We should all hope the Netflix dip into original programming works.
As a person with dreams of some day putting together a feature film or even shooting a television pilot, the rise of Netflix as a ubiquitous distribution platform is potentially a dream come true. It is the last piece in a puzzle that should give rise to the golden age of video as a story telling medium.
For now let’s set aside the difference in what Netflix might pay for a movie or television series as compared to a studio because 1) I don’t know; and 2) I am approaching Netflix from the perspective of someone with no movie industry contacts, an agent, etc.
Consider what you need in order to make a film whose primary distribution will be the web:
A camera: There is plenty of evidence that the newer dslr’s from Canon and Nikon can hold their own with $100,000 Panavision film cameras, or at least not be laughed off the stage. But what is certain is that when viewed on the web or steamed to a television screen the difference is virtually not existent. In other words you can shoot your feature with an $1,600 camera.
Lens: I don’t want to potentially endure the wrath of people who care deeply about these sorts of things by suggesting you can get a more than sufficient image out of $1,000 worth of lenses. So instead I will simply offer that either it is possible to buy a couple lenses such as a 50 mm 1.8 ($100), an 85 mm 2.0 ($400) with $500 left over to rent/borrow/beg for a specialty lens to either get wide angle or telephoto shots. Is that an ideal setup knot but what is the alternative.

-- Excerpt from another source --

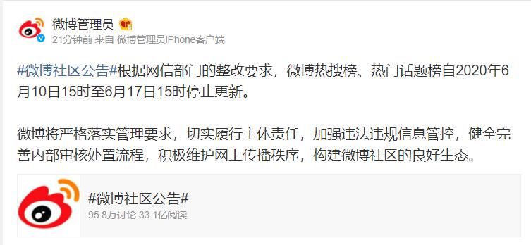 6月10日消息,针对“网信办约谈新浪微博,微博热搜停更一事”,新浪微博官方做出回应,微博热搜榜、热门话题榜自2020年6月10日15时至6月17日15时停止更新。新浪微博将严格落实管理要求,切实履行主体责任,加强违法违规信息管控,健全完善内部审核处置流程,积极维护网上传播秩序,构建微博社区的良好生态。

Well the alternative is to do what is common in the traditional film/music video industry: rent what you need. The camera lens rental market is strong both with online vendors that have everything and will ship any where and local shops with a few of the most popular lenses. With this option it is possible to get a $2,000 lens for a week and just pay $100 or so. That opens up a lot of options, and again, gets you to where you need to be in terms of threshold to produce a professional image.
Software: the same software suite that is being used to produce $50 million dollar features is being sold by Apple with Final Cut and Adobe with CS5 Production Pro for less than $2,000…a lot less if you are upgrading from some earlier version. Those are not just for editing but rather entire suites that can handle special effects, sound editing, encoding, coloring, and editing.
Sound: I don’t know a great dal about this but if you combine the sound library in the software above with some $500 worth of microphones an recorders you can at least get some sufficient audio.
I have been careful to use the word sufficient because I think that is what we are looking for and what qualifies as sufficient significantly changes with an online distributor.
But that was several hundred words to make a single point: for less than $5,000 it is possible technically to shoot the quality that is needed.
What that does not include is anything that requires people.
But let’s just say you have taught yourself how to handle all of the technical things, you wrote the script yourself, and happen to know a couple of undiscovered talented actors who are willing to work for free. That is a whole lot of…just happen to have lying around stuff…and that is really the second point. Talent is going to rule the day. There are no longer technical limitations.
Through either your own talent or a combination of your own and others, if you have a great story you can execute technically then you can get your film made. And after you cut an extended 5 minute trailer your first call can be to Netflix. And if they are smart they will begin to invest the money necessary to answer your call and come up with a licensing arrangement that encourages them to promote your film to the people who are likely to watch it (and no one has a better way of predicting this than them) and rewards you for its success.
Consider the alternative: You need to shoot for a much bigger screen requiring much more expensive gear to submit for a film festival that might or might not accept your entry, will get you in front of a handful of producers who if they buy your film will get it into a handful of theaters and by handful of movie goers whose interest tend to be skewed toward non-commercial type films.
I don’t mean to suggest technology has suddenly unchained the best filmmakers to actually make movies. Bill Shakespeare didn’t need Microsoft Word, an electric thesaurus or access to Wikipedia to create relatively strong prose. But I suspect there might have been a writer or two with tremendous but not necessarily apparent talent slip through the cracks because he could not pay for paper or pens. There most certainly have been screen writers who wouldn’t have sold their script to a studio but rather made it themselves had they been able to access the tools.
And in the end I think it will be the writers who are the biggest beneficiaries of the new alignment of professional tools and ubiquitous distribution.